#### [Task directions]
Extract precisely the lines that run from the line containing "[점프볼=윤민호 기자]6일 울산" to the end of the records below, with both ends included and pictures omitted.
[[ Data provided, beginning ]]
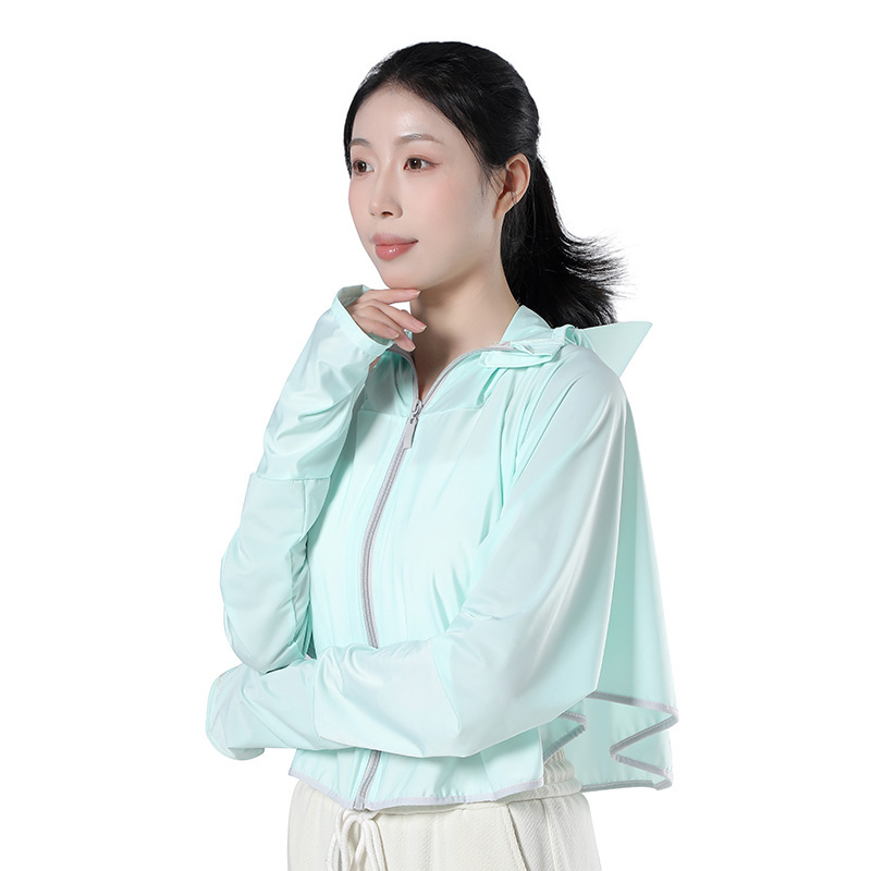 UPF50+冰丝修身显瘦连帽防晒衣女士轻薄运动拉链防晒服开衫短外套
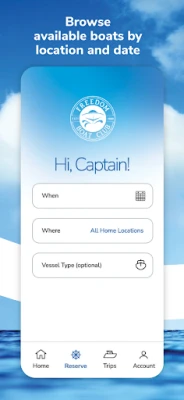 Start your adventure by customizing your search. Select the date, your desired location and vessel type for your upcoming outings. The app helps you easily find a boat that matches your search criteria by displaying the available boats at nearby locations. Simply choose from the available options to finalize your boat selection and confirm your trip.
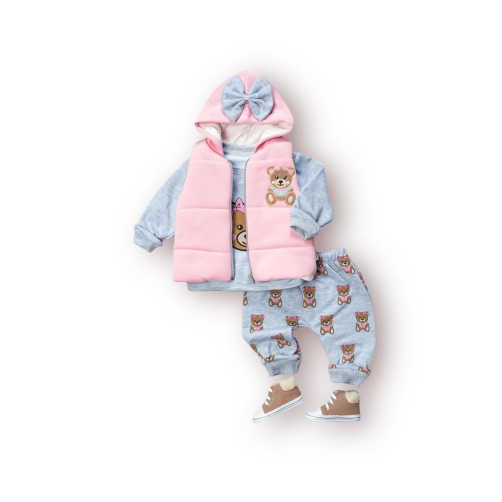 Σετακι με αμανικο ροζ μπουφανακι, μακρυμανικη μπλούζα , φορμα με αρκουδάκια και λάστιχο στο τελείωμα.
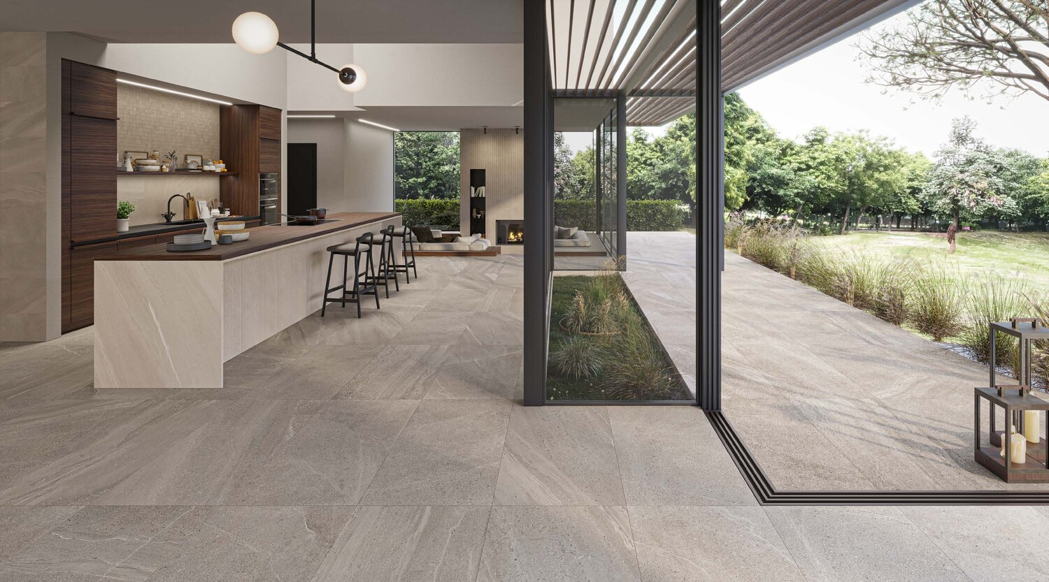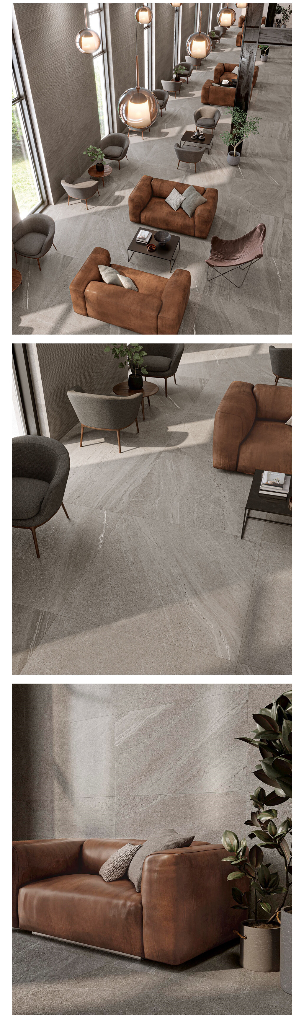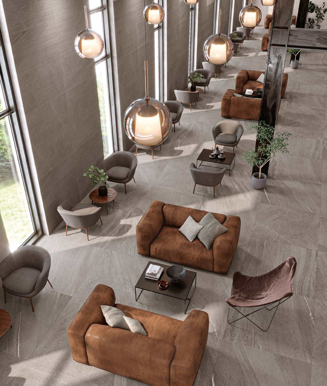 넓은 포맷 타일이 연출하는 시원한 스케일감은 로비, 라운지, 고급 상업공간에 이상적입니다.
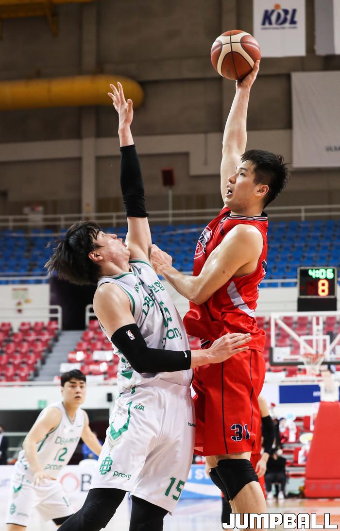 [점프볼=윤민호 기자]6일 울산 동천체육관에서 열린 2020-2021 현대모비스 프로농구 울산 현대모비스와 원주 DB의 경기에서 현대모비스 장재석이 DB 김종규의 수비를 피해 슛을 하고 있다.
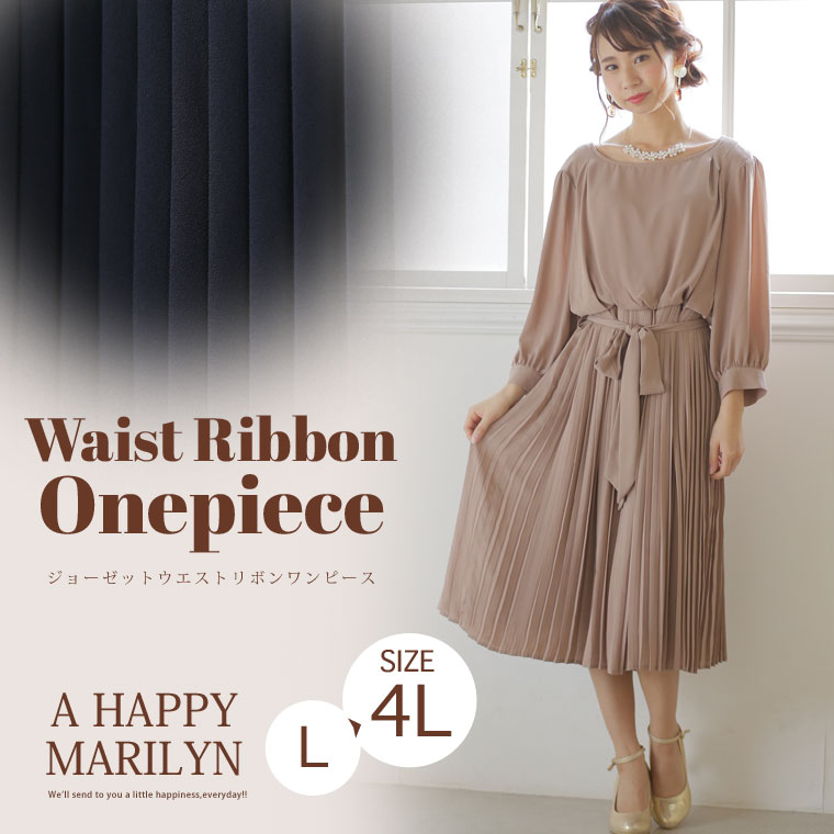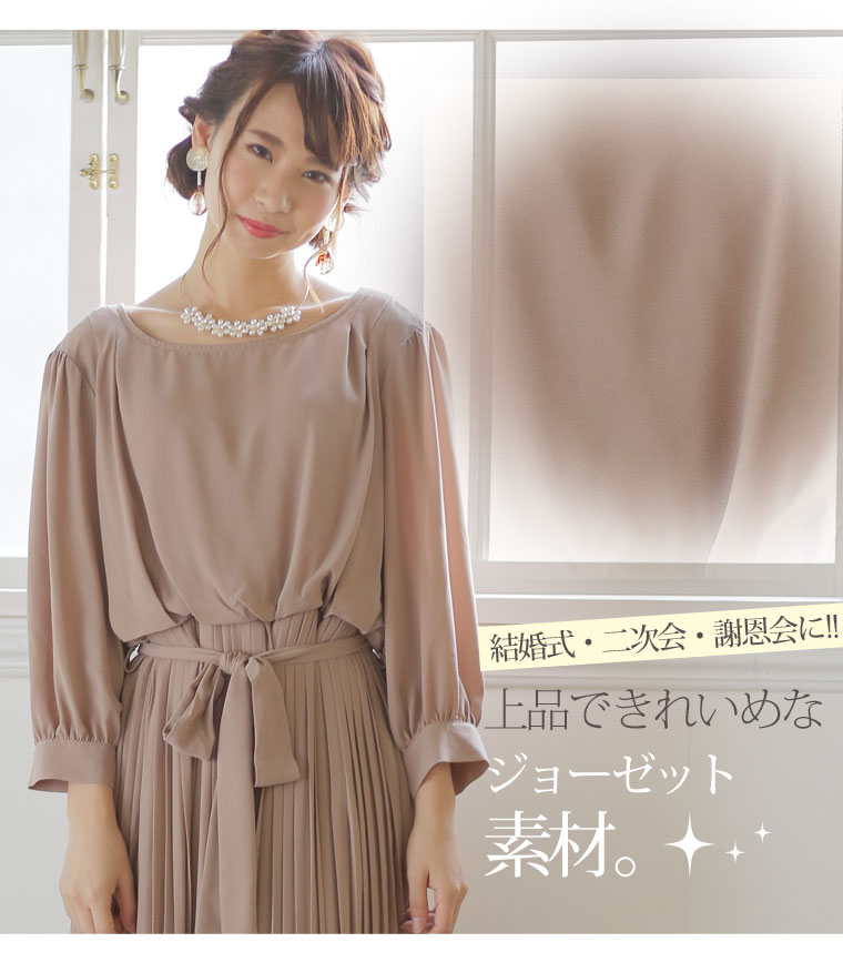華やかなジョーゼット生地で大人っぽく。ウエストリボンワンピース
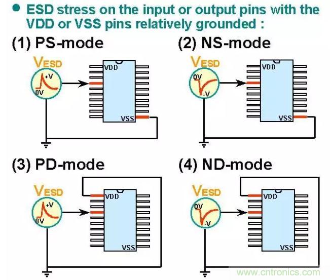 1. I/O pins:就是分別對input-pin和output-pin做ESD測試,而且電荷有正負之分,所以有四種組合:input+正電荷、input+負電荷、output+正電荷、output+負電荷。測試input時候,則output和其他pin全部浮接(floating),反之亦然。
[[ Data provided, end ]]
#### [Answer to this problem]
 [점프볼=윤민호 기자]6일 울산 동천체육관에서 열린 2020-2021 현대모비스 프로농구 울산 현대모비스와 원주 DB의 경기에서 현대모비스 장재석이 DB 김종규의 수비를 피해 슛을 하고 있다.
華やかなジョーゼット生地で大人っぽく。ウエストリボンワンピース
 1. I/O pins:就是分別對input-pin和output-pin做ESD測試,而且電荷有正負之分,所以有四種組合:input+正電荷、input+負電荷、output+正電荷、output+負電荷。測試input時候,則output和其他pin全部浮接(floating),反之亦然。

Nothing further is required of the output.